Boas Agdan, seorang CEO di perusahaan penyedia jasa layanan internet terbesar di kotanya, lalu ia keluar dari pintu samping kantornya, tidak ada seorangpun karyawannya yang melihatnya, kapan ia keluar, lalu ia berjalan menyusuri jalan setapak menuju pantai, duduk sendiri mendengarkan desiran ombak yang membuat hatinya damai, lalu ia menutup mata, itu akan ia lakukan hampir tiap hari. Namun, kali ini, dengan sayup-sayup kupingnya menangkap suara minta tolong.
Dengan satu jentikan jari, tubuh itu, sudah berpindah ke tempat yang diinginkan.
Seorang wanita paru baya yang sedang berjualan sayur-sayuran, diganggu sekelompok preman kampung, sekelompok pemuda itu menarik paksa tas lusuh milik wanita yang tak berdaya itu, wanita yang saban hari mengantungkan rezekinya dengan berjualan sayur-sayuran di pinggir jalan setapak menuju gang sempit. Gang yang dikenal sarang para penyamun dan penjahat kelas rendah seperti mereka.
“Berhentilah, kalian sangat memalukan, bagaimana mungkin ada empat laki-laki mengeroyok satu wanita lemah seperti dia, kenapa kalian tidak berganti kelamin saja, saya malu melihat kelakuan kalian yang mengaku sebagai lelaki”
“Diam kamu, ini bukan urusanmu!” Teriak seorang lelaki yang terlihat lebih krempeng dari teman-temannya.
“Hai krempeng, kamu cari kerja yang benar agar makan yang sehat, biar tidak cacingan seperti itu,” ujarnya, dengan santai, ia menyandarkan tubuhnya yang kekar itu di dinding bangunan toko di sebelahnya
“Dasar, kurang ajar! Kamu pikir, karena kamu berpakaian bagus seperti itu, lalu aku takut padamu?”
Lalu manusia berbadan kerempeng itu mengeluarkan sebilah pisau dari balik jaket lusuh yang ia pakai, lalu ia memajukan tangannya mengarahkan pisau bermata runcing itu kearah perutnya, ia berlari kecil dengan sebuah teriakan kekesalan keluar dari bibirnya yang menghitam.
“Hiaaak …!” teriaknya dengan kesal.
Dengan tenang dan santai, Boas menghindar dengan memundurkan tubuhnya, gerakan lambat dan teramat santai, seolah-olah manusia yang menyerang tidak berbahaya baginya, si krempeng bablas ke belakangnya, lalu ia membalikkan badannya mengerakkan semua kekuatannya untuk menyerang lelaki yang memakai setelan jas bewarna pastel itu.

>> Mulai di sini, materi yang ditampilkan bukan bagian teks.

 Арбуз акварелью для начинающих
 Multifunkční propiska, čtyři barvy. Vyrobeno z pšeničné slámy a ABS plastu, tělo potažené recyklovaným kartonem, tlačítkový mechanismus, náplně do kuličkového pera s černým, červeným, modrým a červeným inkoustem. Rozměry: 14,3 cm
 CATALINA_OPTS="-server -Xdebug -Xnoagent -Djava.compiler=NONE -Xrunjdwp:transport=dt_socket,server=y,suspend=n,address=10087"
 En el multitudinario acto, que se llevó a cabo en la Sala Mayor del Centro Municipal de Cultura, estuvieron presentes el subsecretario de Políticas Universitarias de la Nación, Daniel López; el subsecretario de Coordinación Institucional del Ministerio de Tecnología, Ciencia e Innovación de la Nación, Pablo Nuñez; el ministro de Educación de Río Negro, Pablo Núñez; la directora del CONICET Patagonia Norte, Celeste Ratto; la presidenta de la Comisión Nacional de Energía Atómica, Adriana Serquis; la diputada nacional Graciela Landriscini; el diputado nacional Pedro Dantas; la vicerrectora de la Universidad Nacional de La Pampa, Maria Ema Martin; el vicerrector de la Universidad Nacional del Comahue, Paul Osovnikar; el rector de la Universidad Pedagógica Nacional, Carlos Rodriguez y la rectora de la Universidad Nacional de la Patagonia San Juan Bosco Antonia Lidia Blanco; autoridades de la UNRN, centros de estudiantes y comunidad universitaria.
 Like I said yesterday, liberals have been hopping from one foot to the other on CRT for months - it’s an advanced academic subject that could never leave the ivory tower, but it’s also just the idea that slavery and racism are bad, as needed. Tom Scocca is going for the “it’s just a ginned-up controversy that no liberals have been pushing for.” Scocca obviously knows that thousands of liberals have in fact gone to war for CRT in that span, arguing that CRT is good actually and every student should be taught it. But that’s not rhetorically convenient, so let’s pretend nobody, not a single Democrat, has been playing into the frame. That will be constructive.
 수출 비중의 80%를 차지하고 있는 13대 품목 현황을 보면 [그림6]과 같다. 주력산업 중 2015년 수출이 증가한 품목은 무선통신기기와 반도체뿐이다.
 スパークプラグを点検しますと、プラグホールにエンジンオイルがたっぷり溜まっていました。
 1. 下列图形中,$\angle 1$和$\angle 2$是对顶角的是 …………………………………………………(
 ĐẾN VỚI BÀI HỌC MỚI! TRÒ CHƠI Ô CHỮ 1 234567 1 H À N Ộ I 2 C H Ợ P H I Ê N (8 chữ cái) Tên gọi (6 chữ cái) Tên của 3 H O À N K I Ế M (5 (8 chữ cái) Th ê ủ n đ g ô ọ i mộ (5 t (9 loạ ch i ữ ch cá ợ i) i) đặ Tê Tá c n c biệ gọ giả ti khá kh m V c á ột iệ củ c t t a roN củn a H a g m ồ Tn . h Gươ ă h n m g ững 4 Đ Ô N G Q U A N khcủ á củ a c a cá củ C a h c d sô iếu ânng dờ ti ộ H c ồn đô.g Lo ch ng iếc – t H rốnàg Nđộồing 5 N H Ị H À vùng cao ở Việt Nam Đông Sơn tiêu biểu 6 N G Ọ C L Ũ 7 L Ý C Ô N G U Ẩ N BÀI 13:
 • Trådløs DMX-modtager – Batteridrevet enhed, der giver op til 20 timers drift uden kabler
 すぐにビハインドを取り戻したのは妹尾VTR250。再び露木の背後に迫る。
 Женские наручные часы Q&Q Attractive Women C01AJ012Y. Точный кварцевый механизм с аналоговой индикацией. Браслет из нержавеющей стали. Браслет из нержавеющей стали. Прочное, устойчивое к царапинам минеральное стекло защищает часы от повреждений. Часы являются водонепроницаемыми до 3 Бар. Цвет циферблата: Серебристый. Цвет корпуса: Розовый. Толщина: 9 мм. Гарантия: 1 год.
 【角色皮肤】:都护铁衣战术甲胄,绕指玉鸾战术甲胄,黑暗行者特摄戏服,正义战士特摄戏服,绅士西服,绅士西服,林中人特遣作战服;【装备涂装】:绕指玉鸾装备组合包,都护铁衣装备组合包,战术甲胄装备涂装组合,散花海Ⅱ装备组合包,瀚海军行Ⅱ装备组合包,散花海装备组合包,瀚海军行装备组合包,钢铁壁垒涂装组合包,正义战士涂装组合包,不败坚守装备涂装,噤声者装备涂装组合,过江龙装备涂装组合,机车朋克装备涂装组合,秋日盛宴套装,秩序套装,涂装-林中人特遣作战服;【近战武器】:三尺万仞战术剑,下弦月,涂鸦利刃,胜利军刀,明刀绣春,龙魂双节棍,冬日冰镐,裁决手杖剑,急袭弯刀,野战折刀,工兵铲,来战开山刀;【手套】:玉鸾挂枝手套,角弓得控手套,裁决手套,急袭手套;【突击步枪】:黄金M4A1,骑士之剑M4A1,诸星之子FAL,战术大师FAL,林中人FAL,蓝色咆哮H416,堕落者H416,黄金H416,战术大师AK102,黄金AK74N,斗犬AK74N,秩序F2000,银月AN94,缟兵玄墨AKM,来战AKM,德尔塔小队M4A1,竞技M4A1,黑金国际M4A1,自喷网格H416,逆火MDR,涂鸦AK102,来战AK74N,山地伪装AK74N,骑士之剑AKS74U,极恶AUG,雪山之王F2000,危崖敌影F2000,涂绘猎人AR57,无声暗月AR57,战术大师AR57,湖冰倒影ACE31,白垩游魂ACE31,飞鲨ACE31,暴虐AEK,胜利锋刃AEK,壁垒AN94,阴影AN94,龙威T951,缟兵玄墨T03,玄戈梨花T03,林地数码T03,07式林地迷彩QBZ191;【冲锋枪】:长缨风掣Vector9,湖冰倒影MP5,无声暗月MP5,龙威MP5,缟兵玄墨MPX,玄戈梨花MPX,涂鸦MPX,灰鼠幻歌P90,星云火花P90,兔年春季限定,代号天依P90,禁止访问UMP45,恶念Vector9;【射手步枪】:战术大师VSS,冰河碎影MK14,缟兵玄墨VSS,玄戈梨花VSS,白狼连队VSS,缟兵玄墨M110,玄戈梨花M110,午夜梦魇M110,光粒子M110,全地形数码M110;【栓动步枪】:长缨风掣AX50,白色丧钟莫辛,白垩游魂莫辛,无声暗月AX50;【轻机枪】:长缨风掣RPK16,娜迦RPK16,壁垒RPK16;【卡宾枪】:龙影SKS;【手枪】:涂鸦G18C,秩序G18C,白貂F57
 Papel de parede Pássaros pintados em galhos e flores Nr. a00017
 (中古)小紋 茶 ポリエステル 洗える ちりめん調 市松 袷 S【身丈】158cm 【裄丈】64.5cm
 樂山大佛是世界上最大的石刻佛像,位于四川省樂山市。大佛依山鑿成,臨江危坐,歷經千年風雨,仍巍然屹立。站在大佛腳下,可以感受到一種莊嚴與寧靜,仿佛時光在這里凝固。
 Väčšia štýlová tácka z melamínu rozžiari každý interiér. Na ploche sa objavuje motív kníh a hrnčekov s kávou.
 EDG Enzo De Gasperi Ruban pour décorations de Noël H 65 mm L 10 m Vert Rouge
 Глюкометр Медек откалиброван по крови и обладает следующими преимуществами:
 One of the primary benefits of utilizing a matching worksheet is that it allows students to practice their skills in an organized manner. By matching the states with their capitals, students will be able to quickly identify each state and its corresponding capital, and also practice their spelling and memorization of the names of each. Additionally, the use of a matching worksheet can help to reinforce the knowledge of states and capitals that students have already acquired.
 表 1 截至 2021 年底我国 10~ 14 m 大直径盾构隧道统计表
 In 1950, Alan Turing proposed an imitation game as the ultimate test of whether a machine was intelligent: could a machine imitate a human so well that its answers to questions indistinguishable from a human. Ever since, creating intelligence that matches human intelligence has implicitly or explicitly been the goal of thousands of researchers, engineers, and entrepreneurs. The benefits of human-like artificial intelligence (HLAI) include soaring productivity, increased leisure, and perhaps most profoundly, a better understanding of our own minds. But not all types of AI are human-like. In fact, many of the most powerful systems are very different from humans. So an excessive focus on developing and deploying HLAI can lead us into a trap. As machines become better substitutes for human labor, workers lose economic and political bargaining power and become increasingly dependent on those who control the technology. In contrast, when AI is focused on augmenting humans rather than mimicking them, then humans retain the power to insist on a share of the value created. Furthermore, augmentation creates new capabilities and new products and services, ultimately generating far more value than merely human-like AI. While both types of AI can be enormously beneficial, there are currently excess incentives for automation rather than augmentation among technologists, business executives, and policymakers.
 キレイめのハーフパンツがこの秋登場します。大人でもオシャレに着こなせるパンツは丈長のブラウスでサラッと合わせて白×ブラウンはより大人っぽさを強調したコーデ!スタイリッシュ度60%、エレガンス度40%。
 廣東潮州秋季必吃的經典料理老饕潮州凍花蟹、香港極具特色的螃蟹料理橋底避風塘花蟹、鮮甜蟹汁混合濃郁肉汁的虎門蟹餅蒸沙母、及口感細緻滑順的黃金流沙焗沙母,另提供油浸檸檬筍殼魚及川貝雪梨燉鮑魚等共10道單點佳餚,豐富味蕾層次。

Usahanya gagal lagi, karena lagi-lagi Boas hanya menghindar dengan memundurkan tubuhnya, tepat seperti yang pertama ia menyerang.
“Apa hanya itu kemampuanmu kerempeng?” tanya Boas, mengambil satu timun berwarna hijau, milik wanita penjajah sayur itu.
Lalu ia menggunakannya sebagai pengganti pisau, memegangnya seperti memegang sebuah pisau, lalu ia mengarahkannya pada si kerempeng.
“Kamu mau menggunakan itu sebagai alatmu? Ha … ha … dasar lelaki gila, matilah kamu lelaki aneh!” teriaknya dengan mengerahkan pisaunya untuk usaha ketiga kalinya.
Boas merasa malas untuk bermain-main, ia memukulkan timun itu ke kepalanya beberapa pukulan, ia kesakitan memegang kepalanya dan mengusap-usap keningnya yang di gembleng pakai timun.
“Apa hanya itu kemampuanmu?” tanya Boas menatapnya degan kedua alis terangkat.
“Bajingan! Teriak seorang lagi dari mereka melihat temanya kewalahan akhirnya mereka melawan beramai-ramai.
“Bagus, begini lebih baik, jadi tidak buang-buang waktu ku,” ujar Boas, dengan kekuatan yang di miliki ia menghajar mereka dengan satu tangan, bahkan seorang yang menyerangnya dengan tongkat panjang, terpental ke jalanan
Saat itu Boas mengarahkan jentikan jarinya,
“Aku malas mengotori tanganku yang berharga ini, pada manusia-manusia kotor seperti kalian,” ucap Boas, dengan jentikan jarinya keempat lelaki itu terhempas jauh kearah jalanan.
Melihat kekuatan yang dimiliki lelaki berwajah angkuh itu, mereka melarikan diri dengan tubuh dipenuhi luka-luka.
Boas menangkap salah seorang, lalu memberinya ultimatum agar tidak menganggu wanita yang berjualan itu lagi.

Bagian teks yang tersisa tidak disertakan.